Ideally, I would never choose to spend the afternoon at the oncologist's office.  However, she was so refreshingly human that it was not nearly as painful as I expected.  I can't say I was working on all gears, as I was so incredibly nervous about what she might suggest.   It wasn't until I started reviewing the information that I realized I had digested worst case scenarios that she had not mentioned.  By Saturday, I was up to reviewing the day with Peter and he realized that I was putting more stress on myself by somehow confusing one of the issues on chemotherapy.  He insisted he was correct, and thoughtfully verified with the doctor today.  Oh, and he didn't call her, SHE called us.  She just wanted to relay the results of the blood work (all clear) and check on me.  Thoughtful, eh?  

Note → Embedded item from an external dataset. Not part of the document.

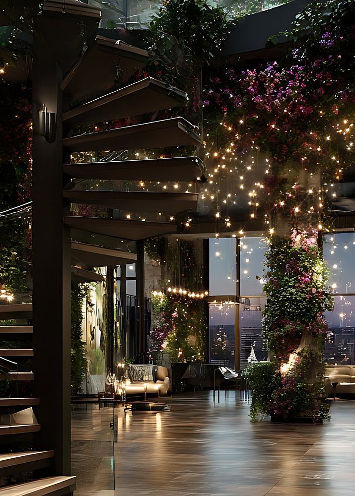 Cette image montre un élégant escalier en colimaçon qui s'intègre harmonieusement dans un environnement luxueux, littéralement embrassé par les plantes et les fleurs. Les murs et les colonnes sont abondamment recouverts d'éléments floraux, des guirlandes lumineuses sont suspendues entre les lianes et les fleurs, créant une atmosphère chaleureuse et féerique. Les grandes fenêtres laissent passer la douce lumière du soir d'un paysage urbain moderne. Le décor semble presque surréaliste - comme un palais botanique au cœur d'une métropole.
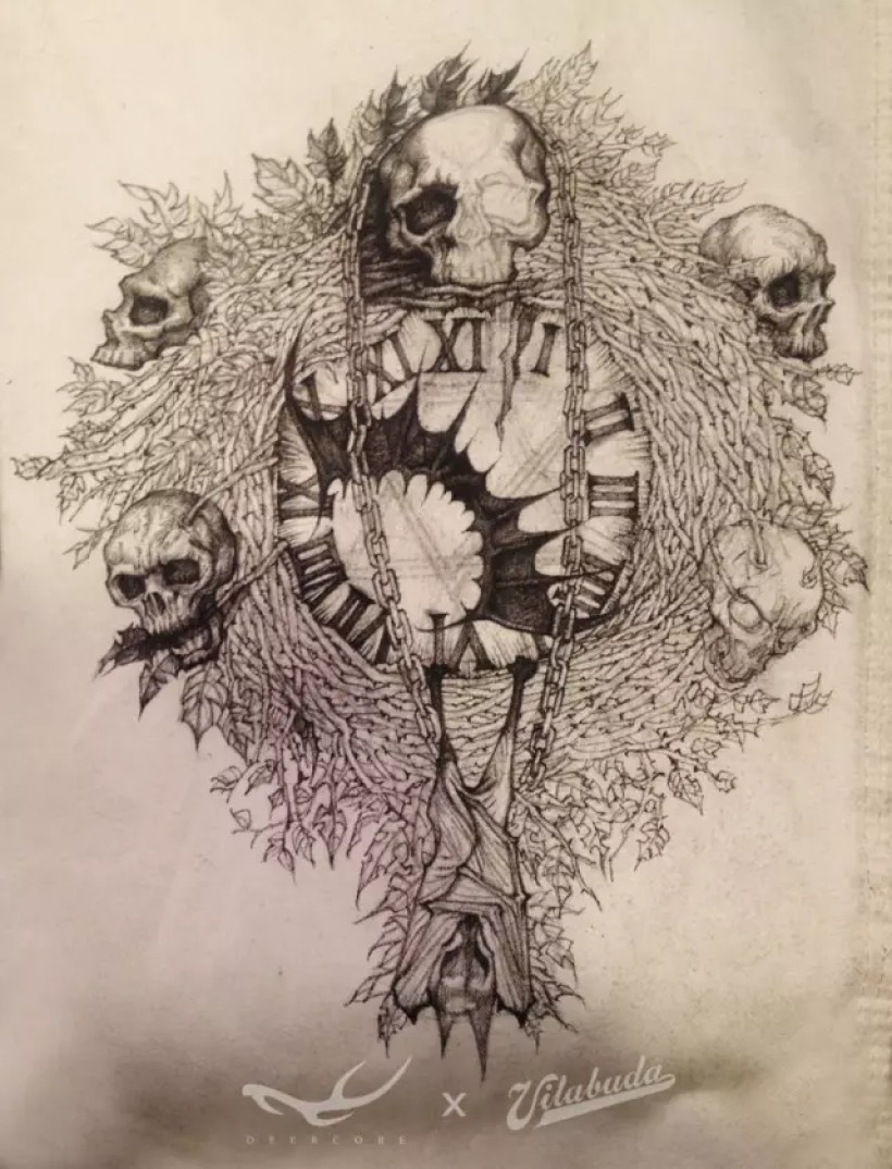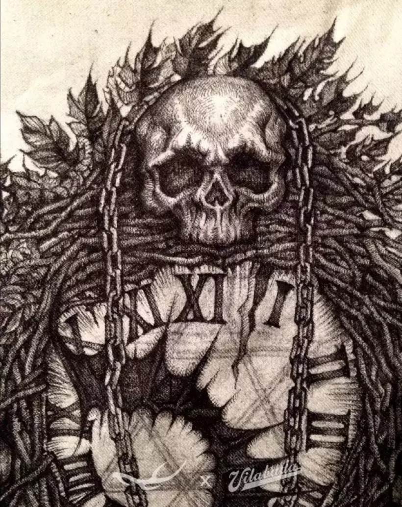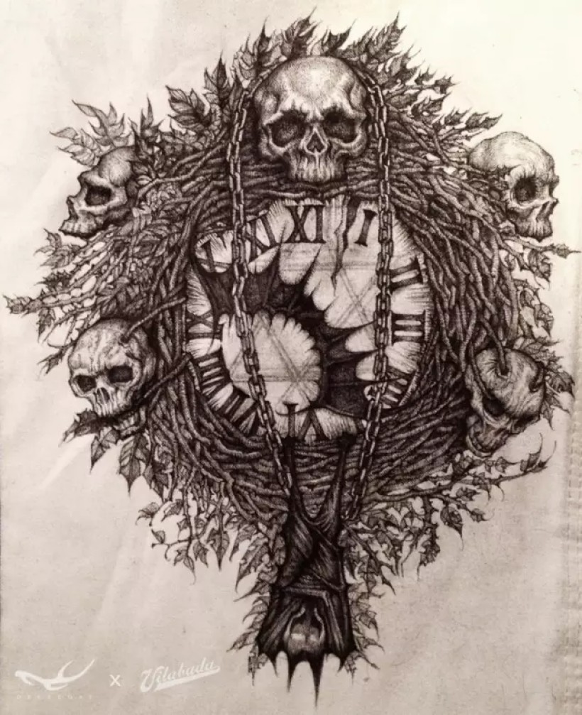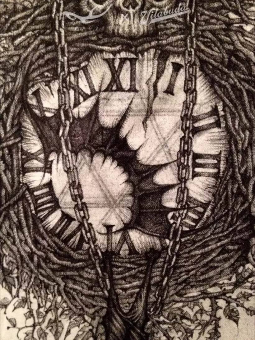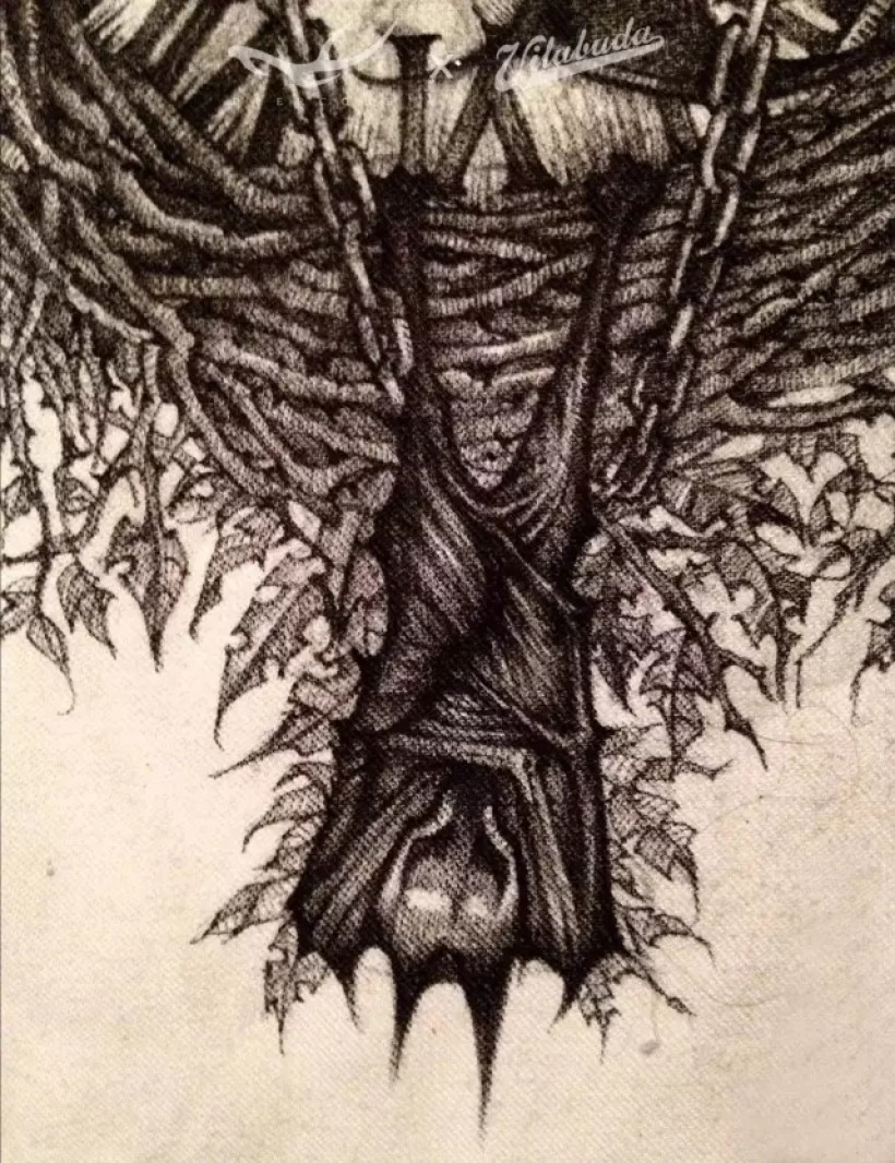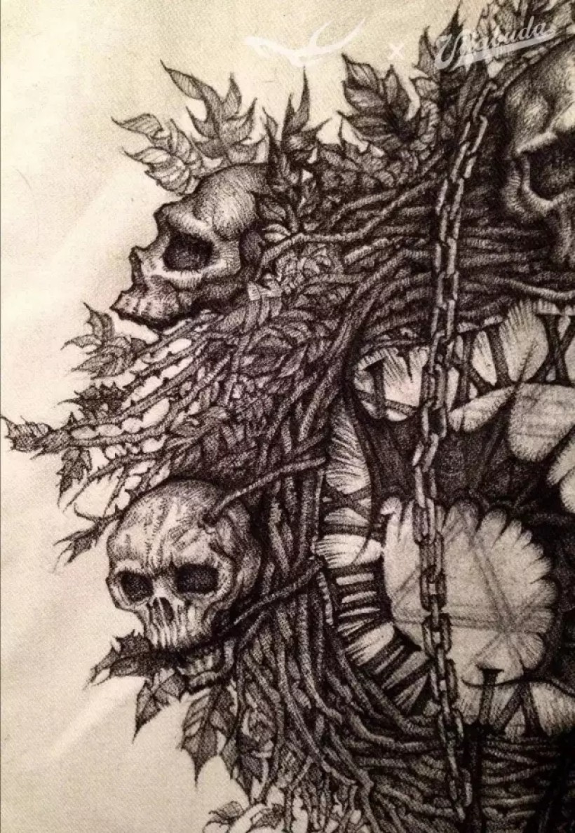 海明威有篇小说叫《丧钟为谁而鸣(For Whom The Bell Tolls)》。我喜欢的金属乐队me-tallica也创作过同名歌曲。我设计出由枯枝和骷髅构成的一只巨大丧钟,以蝙蝠的翅膀为指针,倒挂的蝙蝠为钟摆,以此同名画作向他们致敬。

I really don't want to have an oncologist.  However, I think if one must be had, her demeanor, concern and willingness to help in a thoughtful manner has convinced me that she is the right one for me.  Not something I ever thought I would say or write, but I'm liking the calm and just going to focus on the positive…(I know I've said that before and promptly fallen off the wagon, but I think I'll cut myself a little slack given the circumstances).  Oh, and another reason I may be happier…a day off from appointments tomorrow AND a trip into DC with the girls.  Distraction City, baby!